This is a brief example of how to run text generation with a conversational (chat, instruct) causal language model, `pipeline`, and model quantization.

[Model quantization](https://huggingface.co/docs/accelerate/usage_guides/quantization) is a technique to reduce the computational and memory costs of running inference by representing the weights and activations with low-precision data types like 8-bit integer (int8) instead of the usual 32-bit floating point (float32).

In [None]:
!pip install --quiet transformers accelerate bitsandbytes>0.37.0

Import the `AutoTokenizer`, `AutoModelForCausalLM`, and `pipeline` classes. The first two support loading tokenizers and generative models from the [Hugging Face repository](https://huggingface.co/models), and the last wraps a tokenizer and a model for convenience. `BitsAndBytesConfig` is used for model quantization.

In [None]:
from transformers import AutoTokenizer, AutoModelForCausalLM, pipeline, BitsAndBytesConfig

Load a generative model and its tokenizer. You can substitute any other generative model name here, but note that Colab may have issues running larger models.

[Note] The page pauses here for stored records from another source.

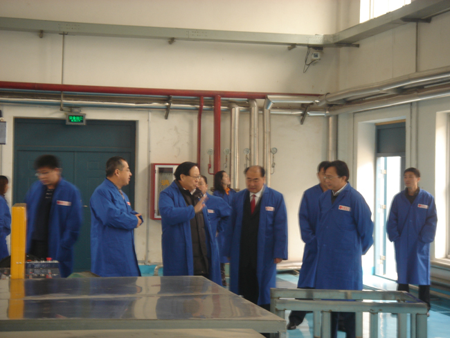 中國(guó)工程院院士、公司獨(dú)立董事汪旭光(左三)在生產(chǎn)車間現(xiàn)場(chǎng)檢查指導(dǎo)工作
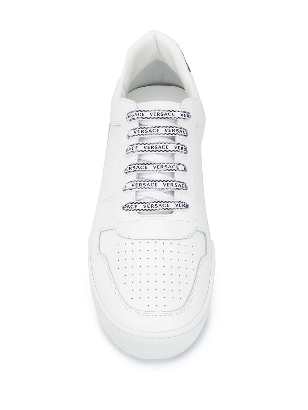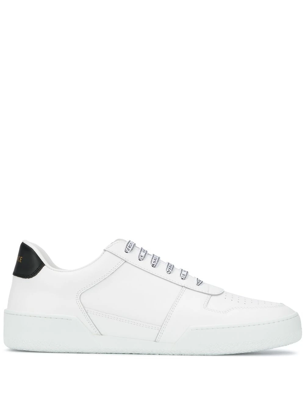 Semelle en caoutchouc, bout en amande, fermeture à lacer sur le devant, contrefort contrastant. Couleur : blanc. Matière : cuir.
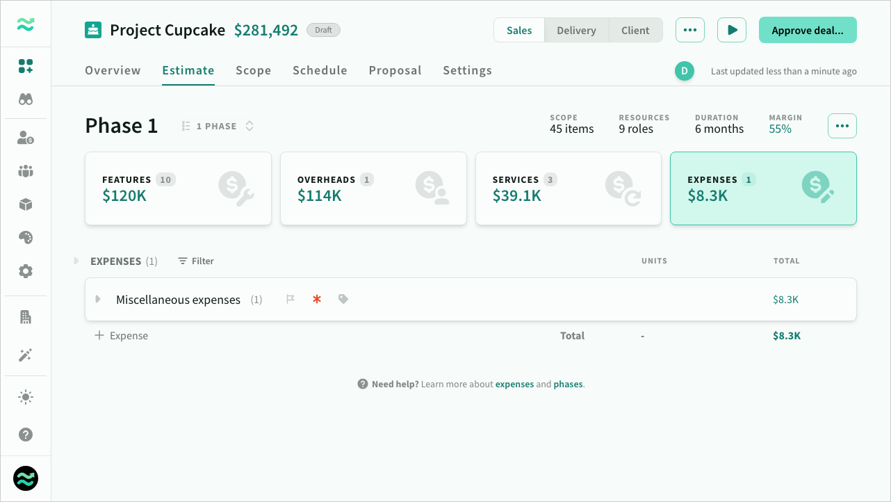 Expenses are similar to services, but without the recurring pricing. You can estimate using fixed price or product resources, and a total units (if applicable).

`Mistral-7B-Instruct-v0.2` model needs authentication, `userdata.get('my_access_token')` reads my secret authentication token I created for my hf account.

In [None]:
from google.colab import userdata
import torch

MODEL_NAME = 'mistralai/Mistral-7B-Instruct-v0.2'

quantization_config = BitsAndBytesConfig(
    load_in_4bit=True,
    bnb_4bit_quant_type="nf4",
    bnb_4bit_compute_dtype=torch.float16,
)

tokenizer = AutoTokenizer.from_pretrained(MODEL_NAME, padding_side='left', token=userdata.get('my_access_token'))
model = AutoModelForCausalLM.from_pretrained(MODEL_NAME, token=userdata.get('my_access_token'), device_map="auto", quantization_config=quantization_config)

Loading checkpoint shards:   0%|          | 0/3 [00:00<?, ?it/s]

Instantiate a text generation pipeline using the tokenizer and model.

In [None]:
from transformers import Conversation

pipe = pipeline("conversational",
    model=model,
    tokenizer=tokenizer
)

We can now call the pipeline with a text prompt; it will take care of tokenizing, encoding, generation, and decoding:

In [None]:
conversation = Conversation("What is the capital of Finland?")
output = pipe(conversation, max_new_tokens=50)

print(output)

The attention mask and the pad token id were not set. As a consequence, you may observe unexpected behavior. Please pass your input's `attention_mask` to obtain reliable results.
Setting `pad_token_id` to `eos_token_id`:2 for open-end generation.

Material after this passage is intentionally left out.